> [Work required]:
Write out the records in full, exactly as given, but without the images.

════════════════

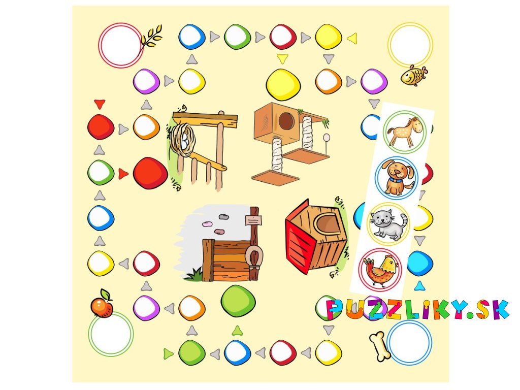 Hra "Domáce zvieratká, rýchlo domov!/Domácí zvířátka, honem domů!" - bavlnený panel s plsťou
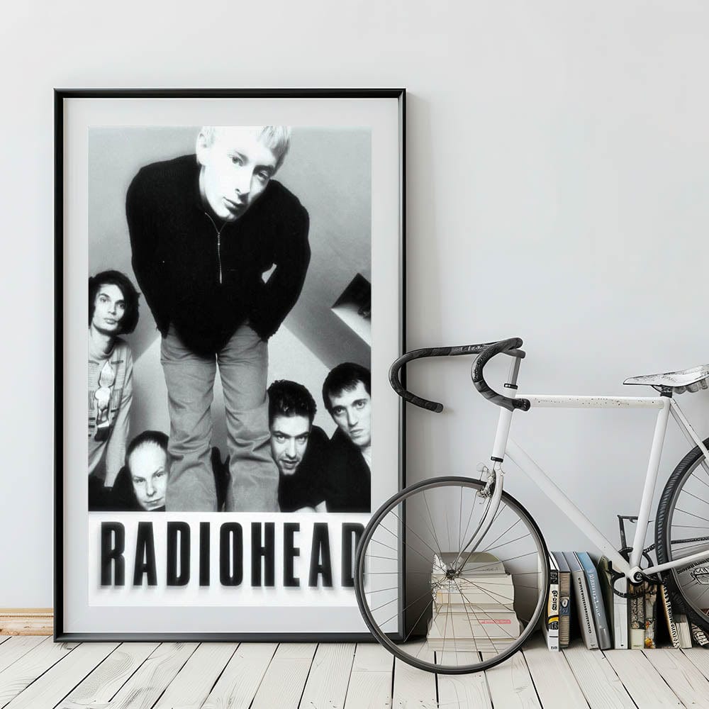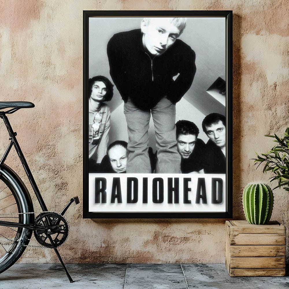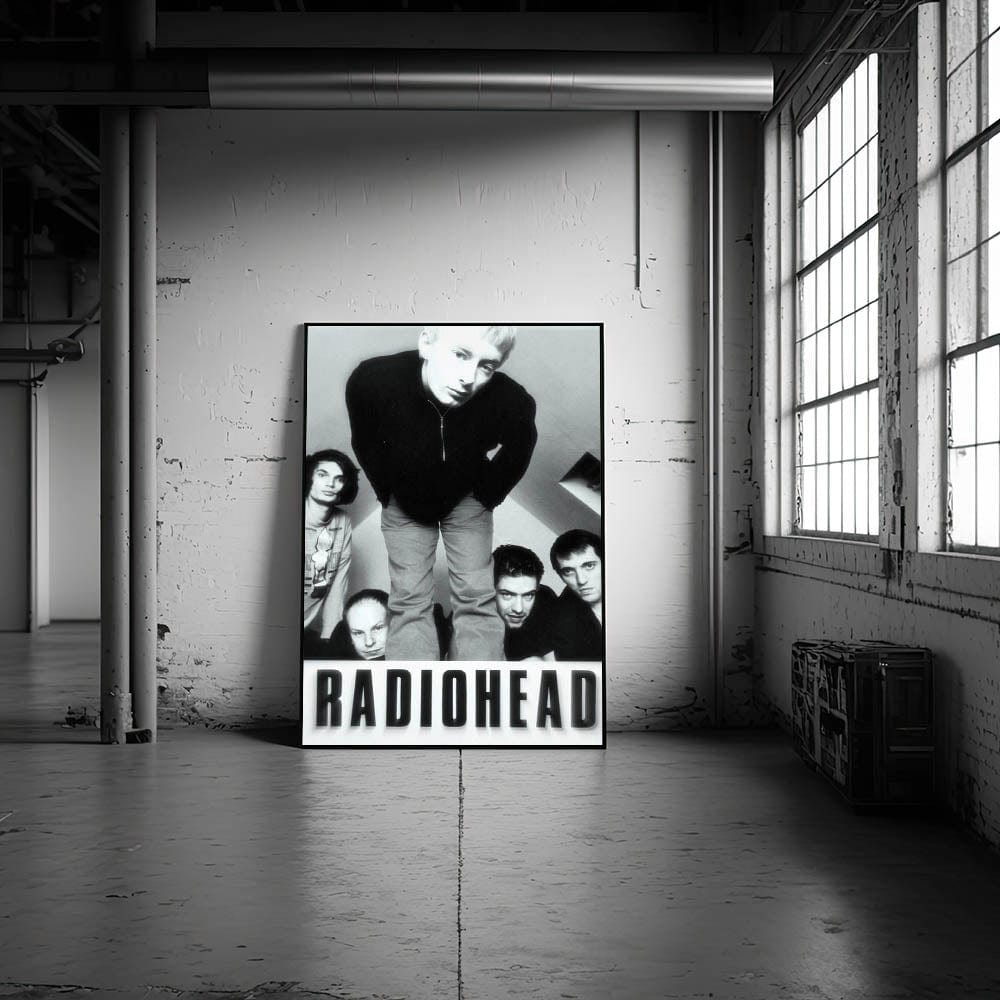 This iconic Radiohead retro poster features a black-and-white photo of the band in their early years. The image captures the raw energy and youthful intensity of the band members, making it an essential piece for any Radiohead fan or collector of vintage music art. The minimalist black-and-white color scheme highlights the band's striking presence, adding a timeless element to any room.
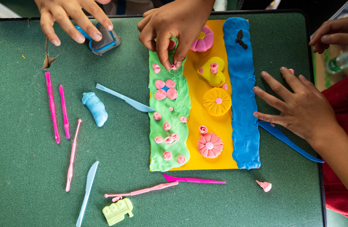 9月10日,在泸定二中临时安置点的“帐篷课堂”里,孩子们用橡皮泥制作创意“月饼”。新华社记者 沈伯韩 摄
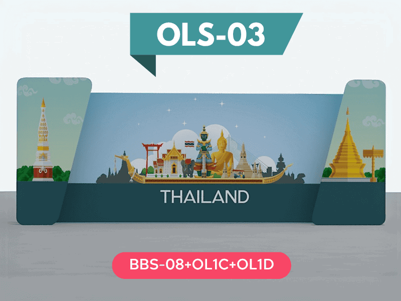 - ชุดนิทรรศการแบบผ้า แบคดรอปผ้าโค้งสูง 3 เมตรยาว 6 เมตร ใหญ่มหึมา อลังการงานสร้าง
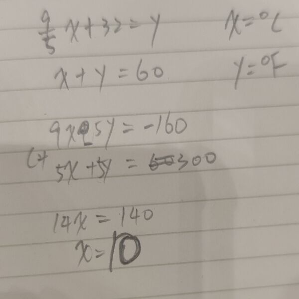 + 32 =華氏度。 請問攝氏多少度時,華氏度的值與攝氏度的值之和為 60?

════════════════

> [Your solution]:
 Hra "Domáce zvieratká, rýchlo domov!/Domácí zvířátka, honem domů!" - bavlnený panel s plsťou
 This iconic Radiohead retro poster features a black-and-white photo of the band in their early years. The image captures the raw energy and youthful intensity of the band members, making it an essential piece for any Radiohead fan or collector of vintage music art. The minimalist black-and-white color scheme highlights the band's striking presence, adding a timeless element to any room.
 9月10日,在泸定二中临时安置点的“帐篷课堂”里,孩子们用橡皮泥制作创意“月饼”。新华社记者 沈伯韩 摄
 - ชุดนิทรรศการแบบผ้า แบคดรอปผ้าโค้งสูง 3 เมตรยาว 6 เมตร ใหญ่มหึมา อลังการงานสร้าง
 + 32 =華氏度。 請問攝氏多少度時,華氏度的值與攝氏度的值之和為 60?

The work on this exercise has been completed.